Ele quer que cada estudante viva na ciência por algum tempo e não se limite a fazer "turismo" em um curso que vise ajudar os alunos a "pensar como biólogos". Summers não se opõe categoricamente à abordagem das "maneiras de conhecer". "O que é difícil", diz, "é traçar uma linha divisória entre aprender muita ciência em uma área e ter uma visão mais ampla, mas menos profunda e menos próxima do empreendimento profissional genuíno".

É bem possível que, assim como um reitor anterior de Harvard, Charles W. Eliot (1834-1926), acabou por ser visto como o homem que levou toda a gama do conhecimento moderno para dentro da universidade tradicional, Summers conquiste a imagem do homem que levou as universidades a se aproximarem decisivamente do conhecimento cada vez mais analítico, movido pelos dados.

De certa maneira, Summers quer deslocar Harvard ao mesmo tempo para a vanguarda e para a retaguarda. Ele quer que a universidade esteja na vanguarda das pesquisas mais avançadas; tem muito orgulho de um instituto de genômica que Harvard formou em colaboração com o MIT, entidade essa que vai custar US$ 300 milhões ao longo de dez anos. Ao mesmo tempo, é um tradicionalista intelectual. Ele gostaria de trazer de volta o velho curso de panorama da história da arte, embora, é claro, sob uma forma menos eurocêntrica.

"É mais importante os estudantes terem conhecimentos básicos de literatura do que conhecerem as tendências atuais em termos de teoria literária." Depois de tudo considerado, disse ele, "eu gostaria que déssemos mais ênfase ao conhecimento".

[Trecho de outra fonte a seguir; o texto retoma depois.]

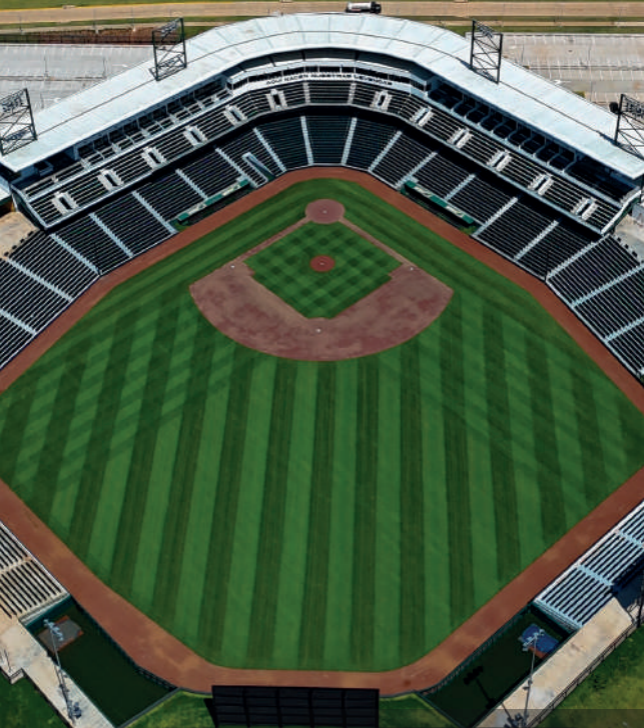
ESTADIO DE BÉISBOL MARIANO RIVERA Y CENTRO DE ALTO RENDIMIENTO DE BÉISBOL NACIONAL

No último século e meio, o tempo médio no cargo dos reitores de Harvard tem sido de pouco mais de 20 anos. É provável que Summers permaneça em Harvard por muito tempo. No entanto, é difícil visualizar como ele poderá liderar a instituição se tantos de seus cidadãos essenciais sentem que ele não compartilha os valores deles. Depois de passarmos muitas horas juntos, eu lhe disse que me surpreendi ao constatar a intensidade da antipatia que as pessoas nutrem por ele.

Summers pensou por um minuto, depois começou a falar sobre como as pessoas opõem uma resistência natural às mudanças. "Sim", disse eu, me sentindo um pouco sem jeito, "mas é de você que elas não gostam". Ele pareceu um pouco espantado (pela primeira vez), depois disse, em voz baixa: "Sinto muito por saber disso".

Na realidade, porém, ele não sentia nada. "Minha abordagem é agressiva e desafiadora", explicou, com um daqueles sorrisos rápidos e constrangidos que às vezes insere no meio de uma frase, "e é possível que tenha havido momentos em que as pessoas tenham se sentido desrespeitadas. Com toda certeza, nunca foi essa minha intenção".

Por outro lado, acrescentou: "Não vejo a liderança como um concurso de popularidade".